Mechanisms have been provided in the past for selectively converting one of a plurality of remote input motions into a secondary output motion. Such mechanisms are typically used in conjunction with marine craft steering and motor mechanisms controlled from separate remote operating stations.
An example of a control mechanism used in a dual control for marine craft can be found in U.S. Pat. No. 2,702,615 which discloses separate forms of the mechanism respectively operatively connected to the motor throttle and clutch and to the remote operating station controls by means of push-pull cables. Actuation of the throttle control from either station automatically adjusts the clutch while disabling the throttle and clutch control at the other station location. The mechanism however requires a complex and costly combination of external sliding and rotational components which are subject to varying environmental conditions.

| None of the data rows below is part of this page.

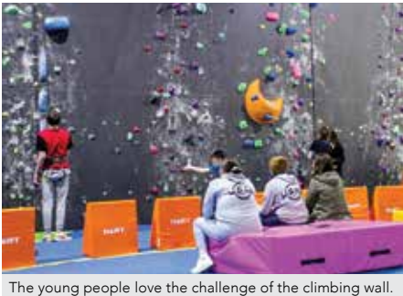
The young people love the challenge of the climbing wall.

Jasmine says many participants started out shy and introverted, but many who have left the program are now employed, seeking out study options or giving back through volunteering in community programs such as the Country Fire Authority. – Kirralee Nicolle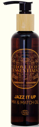
Mix & Match oil 150ml. 'JAZZ IT UP'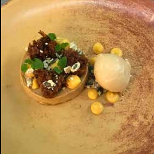
WILL WEBSTER @ SHIBDEN MILL INN

Examples of dual remote operating station controls that require additional manual auxilliary means to disable the controls at one station while operating the other can be found in U.S. Pat. Nos. 3,128,738; 3,286,544; 3,651,709; 3,958,524; and 4,020,713. The devices disclosed therein however generally have costly complex designs that require additional exposed hardware that is likewise subject to varying environmental conditions.

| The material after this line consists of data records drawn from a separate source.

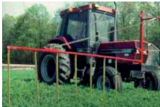
Tractor with flushing bar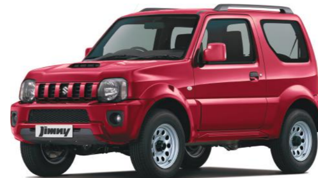
PHOENIX RED PEARL METALLIC*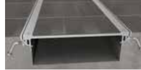
TST Tile Recessed Plate CAST-IN/BLOCKOUT 4-36" | ($ by linear foot) 1/4", 3/8", 1/2" plate thicknesses Liner optional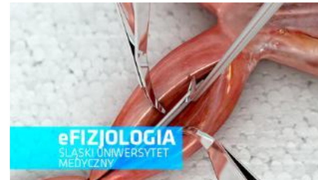
eFIZJOLOGIA ŚLĄSKI UNIWERSYTET MEDYCZNY

An example of a system for controlling the carburetor of a motor and the like from one of two or more remote operating stations that does not utilize complex rotational or combinations of complex rotational and sliding components or require the additional auxilliary manual means previously described, can be found in U.S. Pat. No. 3,842,689 which discloses a system that utilizes a plurality of sliding bars disposed adjacent each other in a housing. Although the system may be used to advantage, its use may, under certain conditions, result in dislodgement between the bars and loss of control from both of the operating stations.